Guzenko O.B., Katulev A.N., Kolonskov A.A., Khramichev A.A. Detecting a dynamic object on a complex background from a low-contrast point image on an optoelectronic device [in Russian] // Opticheskii Zhurnal. 2014. V. 81. № 11. P. 51–61.
O. B. Guzenko, A. N. Katulev, A. A. Kolonskov, and A. A. Khramichev, "Detecting a dynamic object on a complex background from a low-contrast point image on an optoelectronic device," Journal of Optical Technology. 81(11), 656-664 (2014). https://doi.org/10.1364/JOT.81.000656
This paper proposes a method of detecting dynamic objects on an image from an optoelectronic device when there is a complex background formed by dense cumulus and altocumulus clouds. The image of the object is a small (point), low-contrast image.

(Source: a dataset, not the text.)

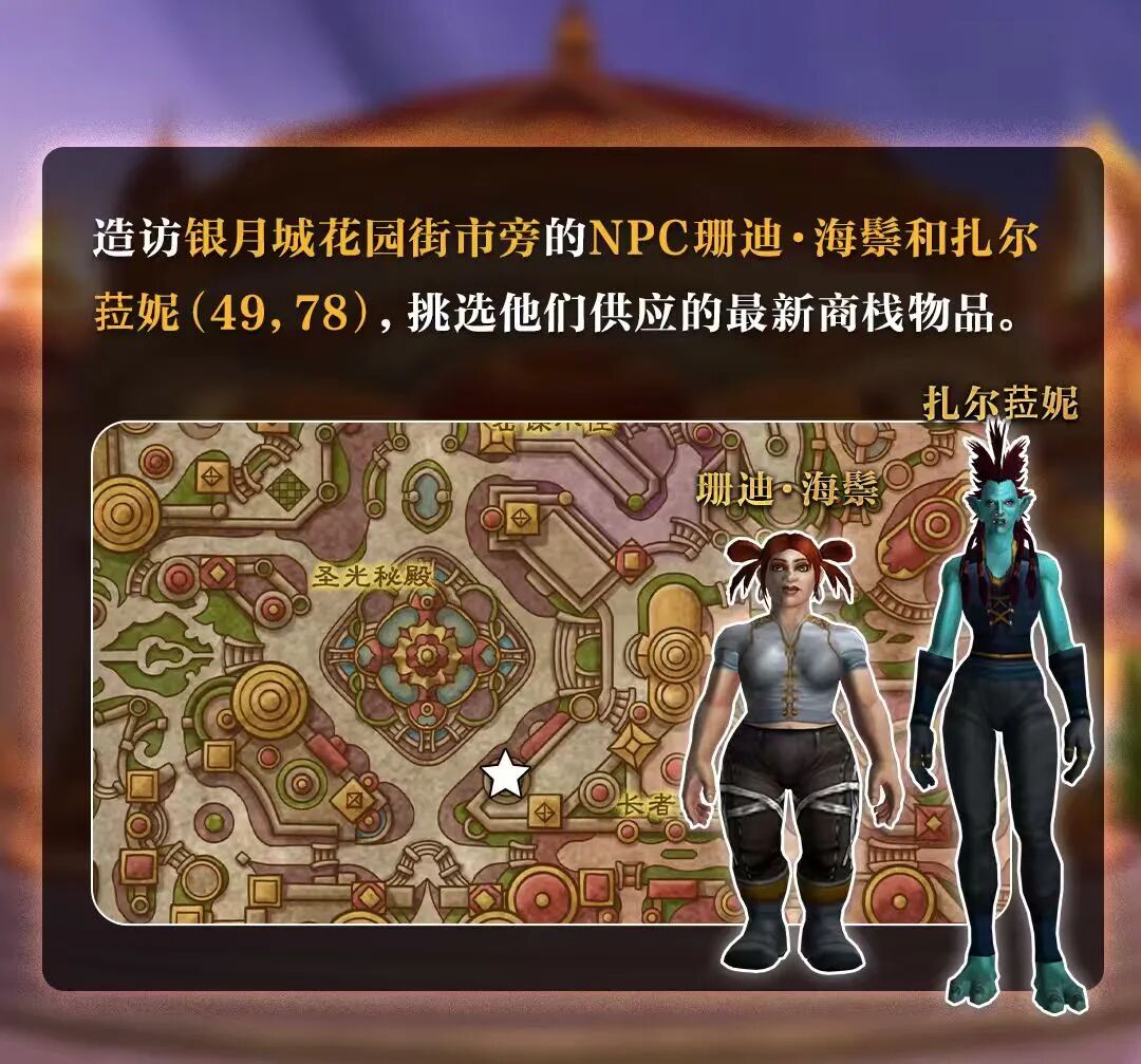 无论你是在艾泽拉斯享受最好的生活,还是仍沉浸在情人节的余韵中,亦或是正与好友在冒险中开怀大笑,三月商栈都将是你不可错过的去处。 参与丰富多彩的活动,赢取本月奖励——由埃德尔鲁·夏叶亲手编织的舒适的贝拉梅斯飞毯坐骑。 二月周年纪念分销即将结束!如果你还有心仪的物品尚未入手,现在还来得及。 请在三月商栈正式更替前,立即前往进行最后的采购!点击此处阅读此前发布的文章,查看完整的库存清单。 舒适的贝拉梅斯飞毯(坐骑) “埃德尔鲁·夏叶的手织毯子在贝拉梅斯的孩子们中间很受欢迎。” 完成活动,填满冒险指南(Shift-J)***中的旅行者日志顶部的进度条,就能获得本月的额外奖励——舒适的贝拉梅斯飞毯坐骑。 坐骑 舒适的银月城飞毯 “女裁缝蔻妮·琥珀之光的魔法毯子成了银月城贵族子弟竞相购买的潮品。” 护甲幻化外观 精致赤红魔纹布 "怀特迈恩在血色十字军成员中引领了一股着装潮流……" 血红帝王蝶之翼 “这些翅膀是月莓女勋爵送给灰烬王庭的礼物,是将野性之魂浸泡在纯粹的罪业之池中制成的。” 武器幻化外观 从左至右:姐妹会的新月刀、女猎手的月刃剑、姐妹会的月之矛以及女猎手的月刃剑 单手剑、单手剑、长柄武器以及单手剑 姐妹会的战刃 、女猎手的月刃为恶魔猎手专属武器,价格为每个80枚商贩标币。 访问暴风城法师区外的陶妮和怀尔德商栈**,或者造访奥格瑞玛格罗玛什要塞旁的赞希里商栈,挑选他们供应的最新物品***。 玩家也可前往位于多恩岛主城多恩诺嘉尔,拜访位于铸炉园的商栈,以及焕然一新的银月城(随“至暗之夜”同步开启)的商栈:陶妮和怀尔德商栈与赞希里商栈的代表已经在此开门营业。 在每个月的月初,拥有游戏时间且记录良好的玩家可以打开收藏者的宝箱,自动获得500商贩标币。 如果你的账号没有游戏时间,或者在月初并未拥有订阅,也不必担心。在拥有游戏时间或激活订阅的第一天,你就会获得当月的标币。 所有人获得的标币数量相同,与游戏时间的获取方式无关。 完成全新旅行者日志中的月度活动。每个月都会轮换推出一系列主题活动。参加这些活动最多可额外获得500商贩标币。 每个月完成活动所能获得的标币数量是固定的,所以你无需完成每月的全部活动。你可以选择多种有趣的活动,从而轻松获取标币。 玩家可以通过完成任务、参加战场、参加假日活动甚至挑战史诗钥石地下城,以当前的玩法获取标币。不过你也可以选择参加为本月专门设计的活动。 在每个月结束之前,如果你还没有购买那件“不愿错过”的物品,也不用担心!你可以“冻结”一件物品,以待日后购买。冻结一件物品后,它在每个月都不会下架,直到被购买或替换为止。 如果本月的精选物品中没有你心仪的物品,也可以留着你的商贩标币,等待以后使用。商贩标币不会消失,未使用的标币每个月都会累积。 [编辑:月光下完美]

The fractal-correlation method is based on the use of a sample in the form of the ratio of the likelihood functions of close-by alternative situations of the type “only a complex background is observed in the viewing zone of the optoelectronic device” or “a dynamic object on a complex background is observed in the viewing zone of the optoelectronic device.” An algorithm is constructed for detecting a dynamic object as a binary accumulator, using the local, most powerful criterion. The critical limit for making a decision is determined according to the Neyman–Pearson lemma for the allowable false-detection probability of a dynamic object. Modelling is used to establish the high effectiveness of the method.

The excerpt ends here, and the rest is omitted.